DESCRIPTION OF THE TASK –
The expected output is exactly the lines below, starting at the line with "(图片来源:自由建筑报道 ) 该计划的开发管理方是" and ending at the line with "Stunning yellow gota", both included; no other line belongs in it.

LISTED RECORDS –
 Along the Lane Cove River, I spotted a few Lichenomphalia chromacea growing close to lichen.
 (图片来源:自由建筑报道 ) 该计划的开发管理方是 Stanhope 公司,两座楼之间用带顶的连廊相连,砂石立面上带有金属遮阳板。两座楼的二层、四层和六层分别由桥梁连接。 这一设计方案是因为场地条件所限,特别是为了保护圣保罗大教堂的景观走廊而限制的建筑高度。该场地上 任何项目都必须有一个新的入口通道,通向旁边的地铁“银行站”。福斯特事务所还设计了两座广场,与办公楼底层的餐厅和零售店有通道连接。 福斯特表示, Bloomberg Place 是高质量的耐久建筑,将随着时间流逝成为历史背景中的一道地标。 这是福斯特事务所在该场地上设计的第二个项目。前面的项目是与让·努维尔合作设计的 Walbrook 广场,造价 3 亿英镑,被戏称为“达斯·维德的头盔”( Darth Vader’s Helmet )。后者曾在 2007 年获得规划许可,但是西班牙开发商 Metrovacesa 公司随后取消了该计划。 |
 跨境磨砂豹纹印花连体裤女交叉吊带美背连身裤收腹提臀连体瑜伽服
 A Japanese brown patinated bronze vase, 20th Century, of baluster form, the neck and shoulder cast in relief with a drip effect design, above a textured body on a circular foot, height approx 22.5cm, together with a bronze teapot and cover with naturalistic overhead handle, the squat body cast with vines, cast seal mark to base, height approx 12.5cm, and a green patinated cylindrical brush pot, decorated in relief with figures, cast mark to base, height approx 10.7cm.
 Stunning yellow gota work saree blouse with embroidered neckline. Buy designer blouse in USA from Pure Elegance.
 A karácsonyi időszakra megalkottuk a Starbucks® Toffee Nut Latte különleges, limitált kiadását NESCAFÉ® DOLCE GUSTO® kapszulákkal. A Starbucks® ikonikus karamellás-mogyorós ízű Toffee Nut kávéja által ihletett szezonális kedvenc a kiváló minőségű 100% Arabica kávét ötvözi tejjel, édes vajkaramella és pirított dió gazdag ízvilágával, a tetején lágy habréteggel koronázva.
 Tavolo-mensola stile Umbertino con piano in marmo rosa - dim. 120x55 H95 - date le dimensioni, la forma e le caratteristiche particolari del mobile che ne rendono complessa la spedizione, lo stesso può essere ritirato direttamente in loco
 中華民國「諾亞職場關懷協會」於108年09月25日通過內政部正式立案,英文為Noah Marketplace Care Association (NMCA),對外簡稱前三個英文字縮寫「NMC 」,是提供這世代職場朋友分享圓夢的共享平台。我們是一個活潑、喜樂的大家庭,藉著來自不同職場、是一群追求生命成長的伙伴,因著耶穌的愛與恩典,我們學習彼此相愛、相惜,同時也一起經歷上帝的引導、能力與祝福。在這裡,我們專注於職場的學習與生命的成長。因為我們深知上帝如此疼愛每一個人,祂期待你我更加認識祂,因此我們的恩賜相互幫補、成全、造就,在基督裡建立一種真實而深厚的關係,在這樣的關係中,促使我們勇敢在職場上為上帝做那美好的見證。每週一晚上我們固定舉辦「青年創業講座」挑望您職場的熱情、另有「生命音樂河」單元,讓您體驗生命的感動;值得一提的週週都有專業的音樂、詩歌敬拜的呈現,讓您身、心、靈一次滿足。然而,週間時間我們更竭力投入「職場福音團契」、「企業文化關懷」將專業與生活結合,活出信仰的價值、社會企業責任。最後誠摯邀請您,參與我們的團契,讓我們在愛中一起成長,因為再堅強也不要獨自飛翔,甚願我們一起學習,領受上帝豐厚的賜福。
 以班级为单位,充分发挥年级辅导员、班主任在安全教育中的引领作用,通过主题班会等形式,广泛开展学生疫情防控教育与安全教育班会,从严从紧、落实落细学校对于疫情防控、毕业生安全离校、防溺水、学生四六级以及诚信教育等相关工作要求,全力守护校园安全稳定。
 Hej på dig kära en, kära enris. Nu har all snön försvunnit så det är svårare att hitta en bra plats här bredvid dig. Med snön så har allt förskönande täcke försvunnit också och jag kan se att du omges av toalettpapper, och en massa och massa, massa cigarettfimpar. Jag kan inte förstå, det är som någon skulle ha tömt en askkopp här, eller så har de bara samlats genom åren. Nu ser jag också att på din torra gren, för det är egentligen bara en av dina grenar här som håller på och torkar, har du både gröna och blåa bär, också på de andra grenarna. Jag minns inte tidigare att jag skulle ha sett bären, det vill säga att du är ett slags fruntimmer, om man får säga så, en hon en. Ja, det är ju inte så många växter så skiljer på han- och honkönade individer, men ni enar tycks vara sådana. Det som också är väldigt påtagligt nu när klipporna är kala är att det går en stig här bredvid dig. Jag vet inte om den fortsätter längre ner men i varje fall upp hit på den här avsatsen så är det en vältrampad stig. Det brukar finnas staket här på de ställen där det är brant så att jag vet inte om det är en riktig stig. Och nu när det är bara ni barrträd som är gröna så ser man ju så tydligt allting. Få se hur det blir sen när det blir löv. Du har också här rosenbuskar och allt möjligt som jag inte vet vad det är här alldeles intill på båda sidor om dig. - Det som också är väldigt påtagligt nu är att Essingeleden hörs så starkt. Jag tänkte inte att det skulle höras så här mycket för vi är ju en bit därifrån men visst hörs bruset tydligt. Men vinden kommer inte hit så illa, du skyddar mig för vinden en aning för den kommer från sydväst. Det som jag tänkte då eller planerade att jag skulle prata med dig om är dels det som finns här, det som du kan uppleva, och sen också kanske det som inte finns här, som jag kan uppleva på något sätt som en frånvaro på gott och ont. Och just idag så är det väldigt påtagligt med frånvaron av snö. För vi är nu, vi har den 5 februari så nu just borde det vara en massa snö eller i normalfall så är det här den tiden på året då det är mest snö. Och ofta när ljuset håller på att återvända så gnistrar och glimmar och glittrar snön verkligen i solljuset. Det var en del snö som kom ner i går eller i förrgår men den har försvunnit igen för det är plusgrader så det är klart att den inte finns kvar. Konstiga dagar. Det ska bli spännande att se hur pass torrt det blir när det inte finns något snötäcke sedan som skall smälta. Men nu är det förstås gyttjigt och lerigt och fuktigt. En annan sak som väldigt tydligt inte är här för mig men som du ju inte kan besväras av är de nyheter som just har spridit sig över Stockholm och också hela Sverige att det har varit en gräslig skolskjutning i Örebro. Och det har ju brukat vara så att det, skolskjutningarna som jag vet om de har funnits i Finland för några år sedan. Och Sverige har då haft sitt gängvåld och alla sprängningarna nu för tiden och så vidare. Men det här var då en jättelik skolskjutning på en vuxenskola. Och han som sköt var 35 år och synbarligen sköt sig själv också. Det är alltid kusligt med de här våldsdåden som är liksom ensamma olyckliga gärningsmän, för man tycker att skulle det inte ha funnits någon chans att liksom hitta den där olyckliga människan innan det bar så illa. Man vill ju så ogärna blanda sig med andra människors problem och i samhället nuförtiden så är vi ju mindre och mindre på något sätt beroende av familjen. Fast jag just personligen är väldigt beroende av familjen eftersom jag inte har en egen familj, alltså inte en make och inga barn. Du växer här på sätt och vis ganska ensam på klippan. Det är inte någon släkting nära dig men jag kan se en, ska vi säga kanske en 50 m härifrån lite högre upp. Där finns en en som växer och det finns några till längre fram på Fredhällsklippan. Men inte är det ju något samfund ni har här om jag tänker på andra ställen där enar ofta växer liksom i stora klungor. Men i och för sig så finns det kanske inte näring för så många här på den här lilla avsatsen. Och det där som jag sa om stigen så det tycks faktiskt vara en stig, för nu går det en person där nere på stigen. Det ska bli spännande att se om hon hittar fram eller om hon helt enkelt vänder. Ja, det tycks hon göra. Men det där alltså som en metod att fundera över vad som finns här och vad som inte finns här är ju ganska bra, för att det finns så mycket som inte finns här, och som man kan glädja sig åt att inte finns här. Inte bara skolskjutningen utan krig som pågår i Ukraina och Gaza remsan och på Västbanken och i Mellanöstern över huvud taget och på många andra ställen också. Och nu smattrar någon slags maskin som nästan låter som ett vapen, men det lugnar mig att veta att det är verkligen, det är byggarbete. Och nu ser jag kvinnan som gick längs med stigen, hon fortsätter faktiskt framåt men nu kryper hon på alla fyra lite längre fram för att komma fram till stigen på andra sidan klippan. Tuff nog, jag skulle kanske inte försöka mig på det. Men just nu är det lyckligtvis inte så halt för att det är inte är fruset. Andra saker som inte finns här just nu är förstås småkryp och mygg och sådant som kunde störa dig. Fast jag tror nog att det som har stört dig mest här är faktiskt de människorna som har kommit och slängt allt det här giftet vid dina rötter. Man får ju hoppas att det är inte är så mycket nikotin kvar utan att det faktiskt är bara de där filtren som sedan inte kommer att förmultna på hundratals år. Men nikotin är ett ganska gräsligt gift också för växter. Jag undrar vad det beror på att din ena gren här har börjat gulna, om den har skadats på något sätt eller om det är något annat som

EXERCISE RESULT –
 (图片来源:自由建筑报道 ) 该计划的开发管理方是 Stanhope 公司,两座楼之间用带顶的连廊相连,砂石立面上带有金属遮阳板。两座楼的二层、四层和六层分别由桥梁连接。 这一设计方案是因为场地条件所限,特别是为了保护圣保罗大教堂的景观走廊而限制的建筑高度。该场地上 任何项目都必须有一个新的入口通道,通向旁边的地铁“银行站”。福斯特事务所还设计了两座广场,与办公楼底层的餐厅和零售店有通道连接。 福斯特表示, Bloomberg Place 是高质量的耐久建筑,将随着时间流逝成为历史背景中的一道地标。 这是福斯特事务所在该场地上设计的第二个项目。前面的项目是与让·努维尔合作设计的 Walbrook 广场,造价 3 亿英镑,被戏称为“达斯·维德的头盔”( Darth Vader’s Helmet )。后者曾在 2007 年获得规划许可,但是西班牙开发商 Metrovacesa 公司随后取消了该计划。 |
 跨境磨砂豹纹印花连体裤女交叉吊带美背连身裤收腹提臀连体瑜伽服
 A Japanese brown patinated bronze vase, 20th Century, of baluster form, the neck and shoulder cast in relief with a drip effect design, above a textured body on a circular foot, height approx 22.5cm, together with a bronze teapot and cover with naturalistic overhead handle, the squat body cast with vines, cast seal mark to base, height approx 12.5cm, and a green patinated cylindrical brush pot, decorated in relief with figures, cast mark to base, height approx 10.7cm.
 Stunning yellow gota work saree blouse with embroidered neckline. Buy designer blouse in USA from Pure Elegance.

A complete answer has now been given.